Группа американских ученых создала синтетическую молекулу дезоксирибонуклеиновой кислоты, в которую включили четыре новых азотистых основания в дополнение к четырем уже существующим. «Хатимодзи»-ДНК (восьмибуквенная ДНК) способна формировать двойную спираль и транскрибироваться в молекулы РНК, то есть она потенциально может нести в себе генетическую информацию. Статья о проведенном исследовании опубликована в журнале Science.

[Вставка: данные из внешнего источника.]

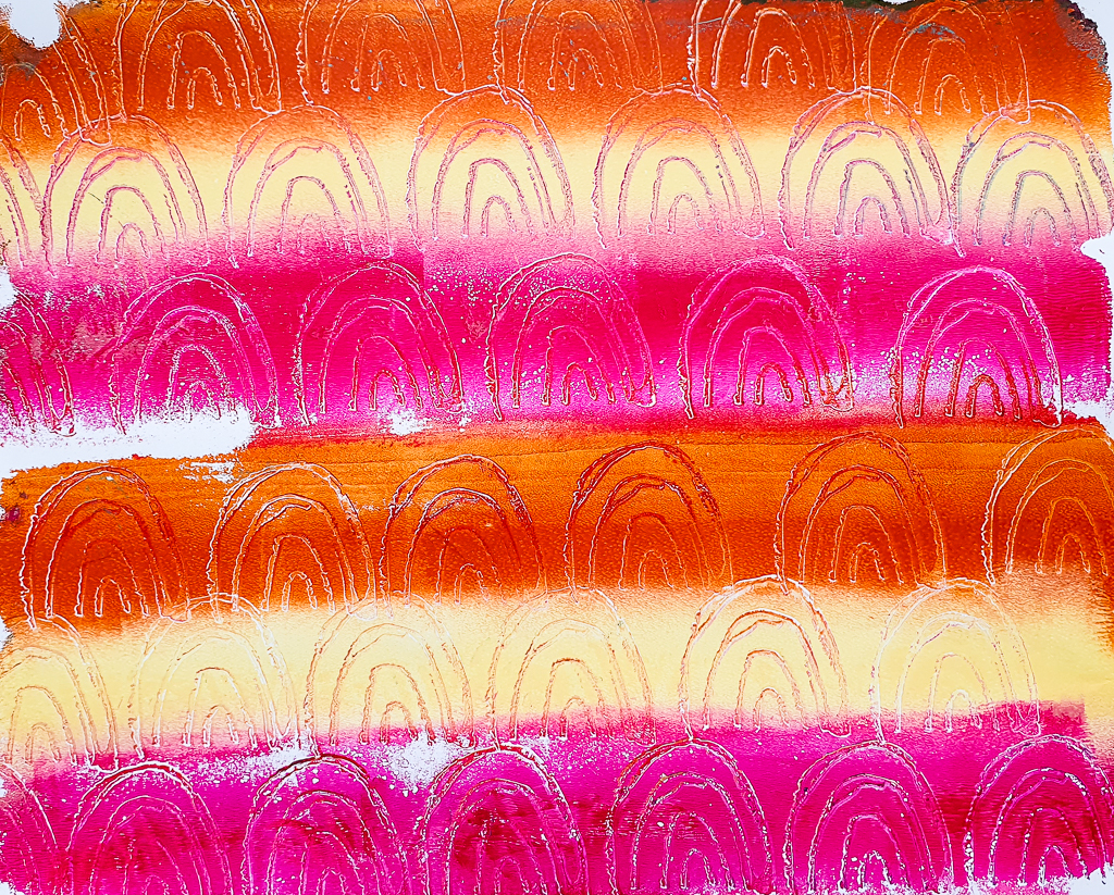 I am making some gelli prints today using some of my brand new stamps. I am working with acrylic paints and the 20cm x 25cm gelli printing plate. I love to use those prints a card backgrounds or for collaging.

Специалисты синтезировали нуклеотиды («строительные блоки» ДНК) P, B, Z и S, которые содержат азотистые основания, подобные пуринам и пиримидинам в обычной ДНК. Между пуринами и пиримидинами образуются водородные связи, необходимые для формирования пар оснований, из которых состоит двойная цепь ДНК. Таким образом, S (пиримидин) связывается с B (пурин), и P (триазин) связывается с Z (пиридин) по принципу комплементарности подобно тому, как в обычной четырехбуквенной ДНК аденин связывается с тимином, а цитозин с гуанином.
Подтверждено, что «хатимодзи»-ДНК удовлетворяет основным требованиям для обеспечения дарвиновской эволюции, в том числе обладает предсказуемой термодинамической стабильностью вне зависимости от последовательности нуклеотидов. Например, замена пары синтетических оснований на другую пару не приведет к утрате свойств кристалла, то есть в ДНК могут происходить мутации, которые не лишают восьмибуквенную дезоксирибонуклеиновую кислоту свойства нести в себе генетическую информацию и, в теории, передавать ее по наследству.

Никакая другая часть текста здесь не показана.